The mechanical overspeed trip is an unbalanced ring which is held concentric with the shaft by a spring. When the speed reaches the trip speed (109.7% to 110.7% of rated), the centrifugal force of the ring overcomes the force of the spring, and the ring snaps to an eccentric position.

The ring then strikes the trip finger which operates the mechanical trip valve. This releases the fluid pressure on the disk dump valves for main stop and control valves and intermediate stop and intercept valves, thereby closing the turbine steam valves.

The electrical backup overspeed trip is part of the auxiliary speed sensor unit which consists of three independent circuits. Each circuit monitors a separate speed signal voltage and activates CHAPTER 10 10.2-4 REV. 11, JANUARY 2005

CPS/USAR voltage comparators at various speed levels. The output of these circuits is used in a two-out-of-three logic configuration in tripping and monitoring of the turbine. As soon as two of the three differential voltage comparators detect a speed greater than the reference overspeed setting the tripping and monitoring circuits will deenergize the coil of the electrical trip solenoid valve.

When the coil is deenergized, the electrical trip valve operates to release the fluid pressure on the actuator of the steam valves.

Two air relay dump valves are provided which actuate on turbine trip. The valves control air to the extraction steam check valves which limit contributions to turbine overspeed from steam and water in the extraction lines and feedwater heaters.

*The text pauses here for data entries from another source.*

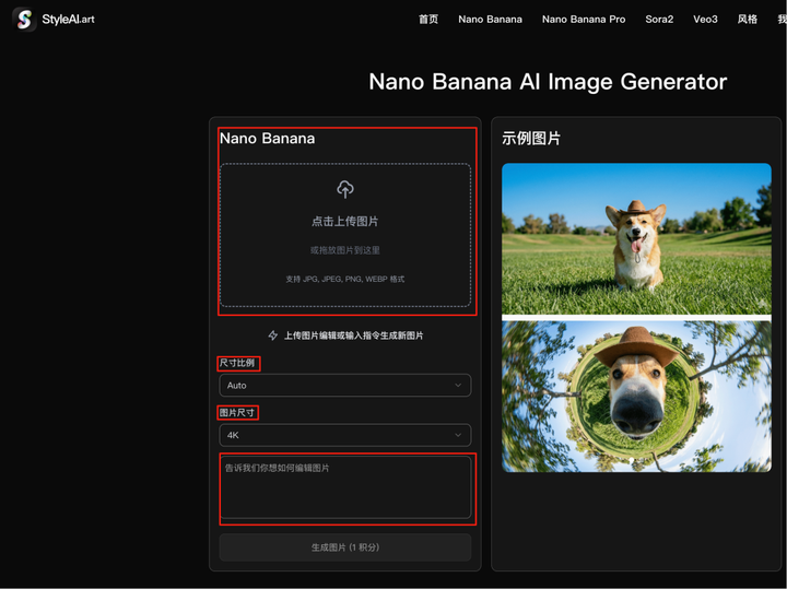 1.访问网站:打开https://styleai.art/zh/nano-banana-pro
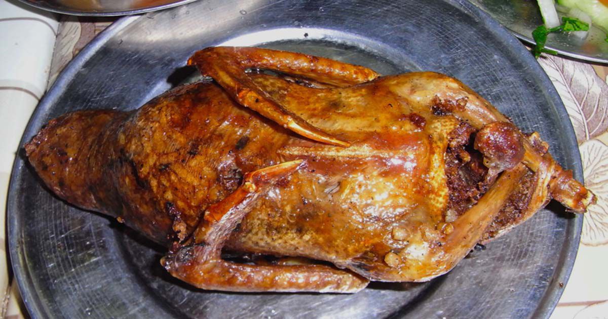 5- إحشي رقبة الحمام بالفريك ثمّ أغلقيها وثبّتيها بعود خشبي صغير. إحشي البطن والمنطقة بين البطن والجلد واحرصي على عدم اللإفراط بالحشو حتى لا يتسرب الفريك إلى الخارج خلال الطبخ.
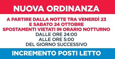La nuova ordinanza della Regione Lazio e Ministero della Salute. L’ordinanza stabilisce, oltre al potenziamento della rete Covid e della didattica digitale, che sul territorio della Regione, dalle ore 24:00 alle ore 5:00 del giorno successivo sono consentiti esclusivamente gli spostamenti motivati da comprovate esigenze lavorative (a titolo esemplificativo il tragitto domicilio, dimora e residenza verso il luogo di lavoro e viceversa), gli spostamenti motivati da situazioni di necessità o d’urgenza, ovvero per motivi di salute. La sussistenza delle situazioni che consentono gli spostamenti in tale arco temporale incombe sull’interessato tenuto ad attestarlo con dichiarazione. Una disposizione che decorre dalle ore 24 di venerdì 23 ottobre...
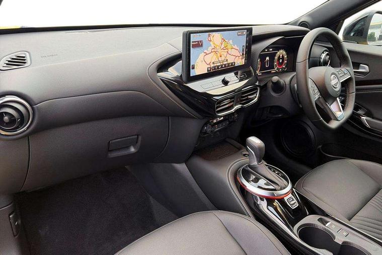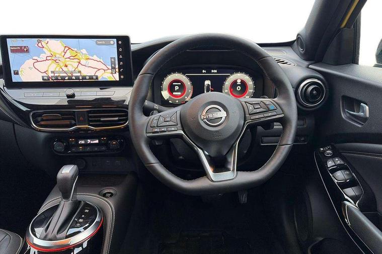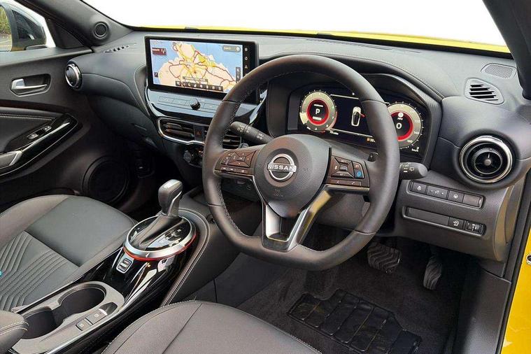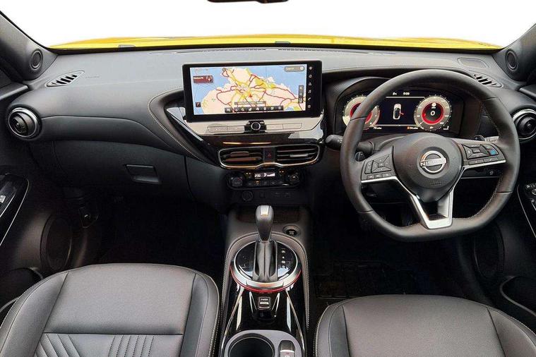 12.3" full colour TFT screen combimeter, Drive modes select (Eco, normal and sport), Emergency and breakdown call, Front parking sensor, Idle start/stop system, Intelligent driver alert system, Intelligent lane intervention, Lane departure warning system, Nissan connect 12.3" touch screen entertainment system, Nissan connect nav with TomTom traffic, Nissan connect services, Outside temperature sensor, Power Steering, Rear parking sensor, Stop/start button, Traffic sign recognition, Trip computer, Voice recognition, WiFi connectivity, Wireless Apple CarPlay and Google Android auto, Wireless Smartphone charger, 10 Bose speakers 8 speakers and 2 headrest speakers for driver/passenger seats, 2 X Rear console USB port, Bluetooth system, USB, Aux-in and 12V socket, Bose personal plus audio system, DAB Digital radio, Auto dimming frameless rear view mirror, Automatic hazard signal with emergency stop signal, Body colour door handles, Electrically adjustable door mirrors with integrated indicators, Follow me home headlights, Front and rear electric window with one touch driver window, High beam assist, LED 3rd brake light, LED daytime running lights, LED headlamps, LED rear fog lamp, LED rear lamps, One touch passenger window, Rear privacy glass, Rear side wing doors, Rear wiper, Roof spoiler, Shark fin roof antenna in solid Black, Solid black door mirrors, Three blink turn signal, 3 height adjustable rear headrests, 3 seat bench in 2nd row, 60/40 split folding rear seat, Card holder on driver sunvisor, Door ambient lighting, Driver seat back pocket, Driver side rear coat hanger, Driver/passenger sunvisors and vanity mirrors, Front and rear cabin lights, Front armrest, Front door pockets with bottle holders, Front head restraints, Front/rear passenger grab handles, Gear console ambient circle lighting, Height adjustable driver's seat, Internal chrome door handles, Luggage board, Luggage space lighting, Monoform sporty seats, Multifunction steering wheel, Passenger seat back pocket, PVC fabric upholstery, Rear door bottle holders, Single front passenger seat, Smooth synthetic leather steering wheel, Steering wheel mounted gearshift paddles, Synthetic leather kneepad, Synthetic leather shift knob, Telescopic steering wheel adjustment, Two cupholders in front centre console, Two rear isofix child seat anchorage points with top tether, Welcome light and console tray ambient lighting, Comfort pack - Juke, Heat pack with height adjustable passenger seats - Juke, ProPilot pack - Juke Auto, ABS with EBD and brake assist, Active ride control, Active Trace Control, Driver and passenger airbags, Driver and passenger side airbags, Electric handbrake with auto hold function, Electronic Stability Programme (ESP), Front and rear curtain airbags, Height adjustable seatbelts, Hill start assist, Intelligent emergency braking with pedestrian and cyclist recognition, Rear door child safety locks, Seatbelt reminder for driver/front passenger and rear seats, Three 3 point rear seatbelts, Traction control, Tyre pressure monitoring system, VDC Dynamic Vehicle Control, Alarm, Immobiliser, Intelligent key and start push button with walk away lock and approach unlock functions, Remote central locking, 19" Alloy wheels, Tyre puncture repair kit,
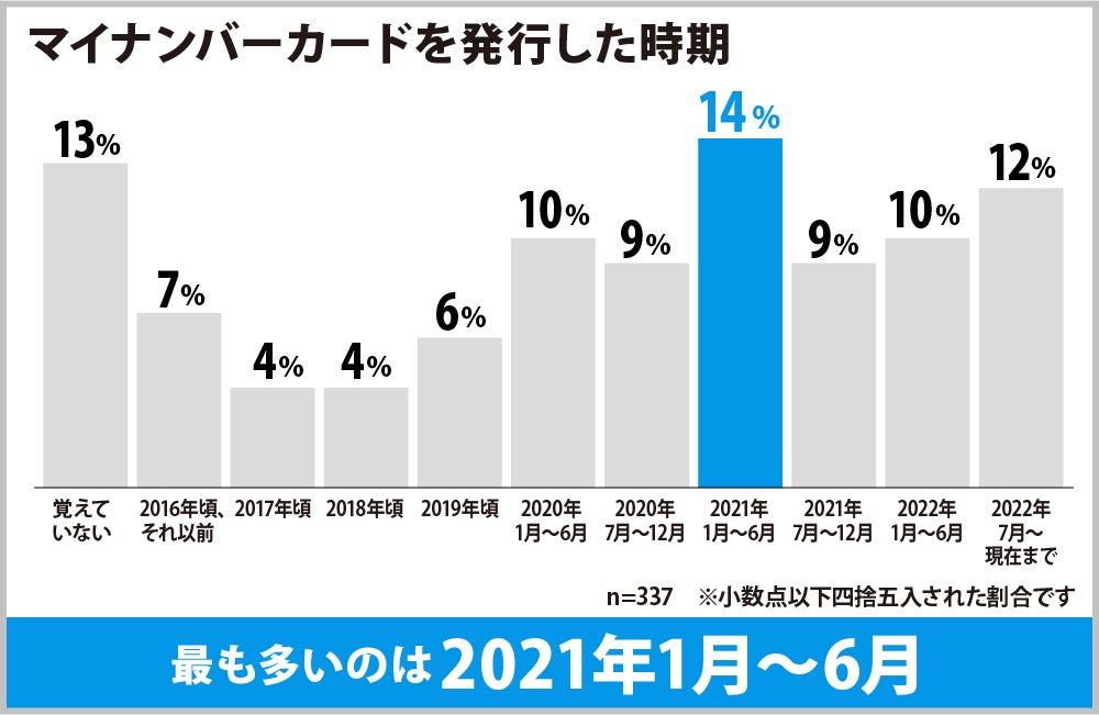 マイナンバーカードを作った時期についても聞いています。始まった当初は少なかったのですが、最初のマイナポイント付与が始まった2020年から増えだしました。

The air is vented from the extraction steam check valve power assist actuators within 2 seconds, initiating check valve closure.

Additional overspeed protection is provided for conditions of load rejection by the following actions:

a. Above 10% load, fast closing of the intercept valves is initiated any time an excess error is detected between the intercept valve and the position signal due to load rejection.
b. For an unbalance between turbine power input and generator power output in excess of 40% of rated, the power/load unbalance relay will operate. The power/load unbalance relay:
1. actuates the control valve solenoid valves to cause fast closing of the control valves;
2. removes any increasing signals for the load set motor and runs it towards the 2% load setting.

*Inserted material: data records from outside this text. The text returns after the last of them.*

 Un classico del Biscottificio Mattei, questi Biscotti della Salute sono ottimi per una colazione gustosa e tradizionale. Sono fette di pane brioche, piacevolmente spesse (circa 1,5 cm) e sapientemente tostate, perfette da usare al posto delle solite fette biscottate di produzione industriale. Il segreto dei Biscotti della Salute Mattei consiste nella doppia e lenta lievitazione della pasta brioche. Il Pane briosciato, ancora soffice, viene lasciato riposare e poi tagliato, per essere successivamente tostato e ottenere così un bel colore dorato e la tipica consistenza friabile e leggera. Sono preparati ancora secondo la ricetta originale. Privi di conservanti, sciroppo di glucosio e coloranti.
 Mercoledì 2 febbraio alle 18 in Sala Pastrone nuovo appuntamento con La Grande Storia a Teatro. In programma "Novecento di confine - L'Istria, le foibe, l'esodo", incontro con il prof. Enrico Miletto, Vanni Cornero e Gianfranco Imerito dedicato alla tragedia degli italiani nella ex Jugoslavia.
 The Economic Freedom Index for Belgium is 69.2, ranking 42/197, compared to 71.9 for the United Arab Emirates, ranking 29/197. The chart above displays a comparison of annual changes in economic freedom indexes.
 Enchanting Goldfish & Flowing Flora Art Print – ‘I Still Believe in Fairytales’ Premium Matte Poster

10.2.2.5 Turbine Protection System In addition to the overspeed trip signals discussed above, the emergency trip system closes the main stop and control valves and the intermediate stop and intercept valves, shutting down the turbine on the following signals:

a. loss of vacuum trip;
b. excessive thrust bearing wear;*
c. prolonged loss of generator stator coolant at loads in excess of a preset value;
d. remote manual trip on the control panel;
e. loss of hydraulic fluid supply pressure (loss of emergency trip system fluid pressure automatically closes the turbine valves and then energizes the master trip relay to prevent a false restart);
f. low bearing oil pressure;
  • The excessive thrust bearing wear trip will be performed manually until the circuit is upgraded to address OPEX for spurious trips.

CHAPTER 10 10.2-5 REV. 21, MARCH 2020

CPS/USAR

g. loss of both speed signals, when not in standby control mode;
h. high exhaust hood temperature;
i. deleted;
j. loss of eiter the 24 vdc or 125 vdc (when below 75% of rated speed) control power supply;
k. operation of the manual mechanical trip at the front standard;
l. high level in moisture separators;
m. high reactor water level;
n. start of RCIC injection to the reactor vessel;
o. generator trip;
p. low shaft oil pump discharge pressure, when speed is above 75% of rated speed.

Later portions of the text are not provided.